A will is a legal instrument that takes effect at death. It names the people who inherit your property, appoints an executor to carry out your wishes, and — critically for parents — lets you nominate a guardian for minor children. A will speaks only when you can no longer speak for yourself, which is precisely why it must be prepared while you still can.

New York governs the creation of wills under EPTL §3-2.1. The statute is strict, and courts enforce it strictly. A will that misses a single formality can be thrown out entirely.

The EPTL §3-2.1 execution requirements

Requirement What New York law demands
Writing The will must be in writing (New York does not recognize oral or video wills for most people).
Signature at the end The testator must sign at the END of the document; anything after the signature can be disregarded.
Two witnesses At least two attesting witnesses must sign within the statutory window.
Publication The testator must publish the will — declare to the witnesses that the document is their will.
Capacity & intent The testator must be of sound mind and act freely, without undue influence.

Miss any of these and the document may fail. When a will fails — or when no will exists at all — New York applies intestacy under EPTL Article 4. The State then distributes your assets by a fixed formula that ignores your relationships, your blended family, your unmarried partner, the charity you cared about, and the child who needs more help than the others. Intestacy is the default plan, and it is rarely anyone’s plan.

The act-now lesson is simple: a will only protects you if it exists and is valid before the day it is needed. Drafting one is a decision; not drafting one is also a decision — just a far more expensive one made by default.

The Cost of Waiting Is Real

Delay feels harmless because nothing visibly happens. But behind the scenes, waiting quietly transfers control away from you and toward strangers, statutes, and circumstance.

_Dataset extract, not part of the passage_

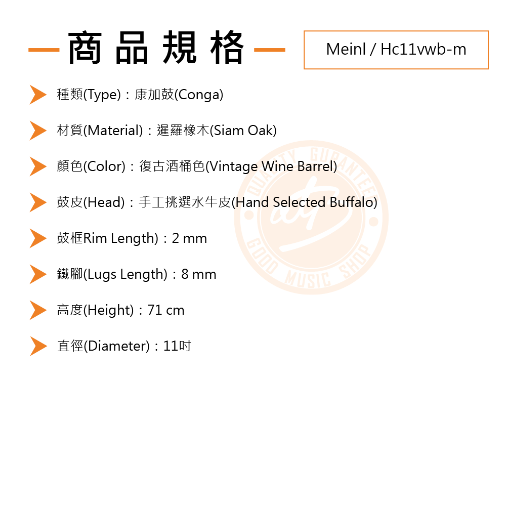 ◆ 手工挑選水牛皮鼓面、暹羅橡木桶身,高音圓潤、低音溫暖
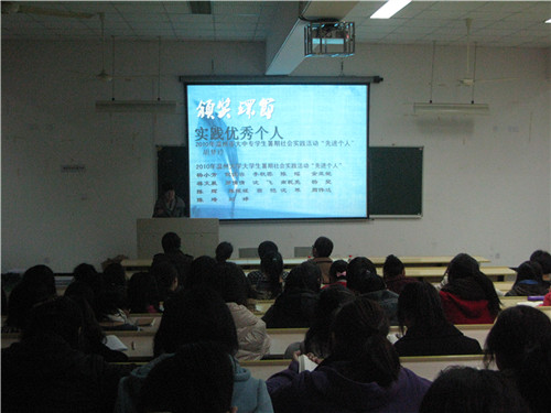3月13日晚上6点30分,400全讯白菜网2010年暑期社会实践成果展暨2011年暑期社会实践动员大会于1-203教室举行。出席该大会的有全讯白菜网论坛官网实践中心负责人张建增,400全讯白菜网辅导员麻法全老师,400全讯白菜网学生会主席陈辉、团委副书记梅秀娟同学。400全讯白菜网大一全体同学也准时参加了此次会议。

  • Life changes faster than paperwork. Marriages, divorces, new children, new property, and new businesses all reshape who should inherit. An outdated will — or no will — locks in yesterday’s wishes or hands the decision to the State.
  • Guardianship for your children defaults to a court. Without a nomination in a valid will, a judge decides who raises your minor children. You know your family; the court does not.
  • Probate gets harder, not easier. Disputes, missing heirs, and unclear intentions multiply when there is no clear written record. A clean will signed today prevents the litigation that destroys families tomorrow.
  • Tax windows close. As you will see below, New York’s 2026 estate-tax rules contain a trap that punishes estates that drift over a threshold. Planning now is the only way to position assets before it is too late.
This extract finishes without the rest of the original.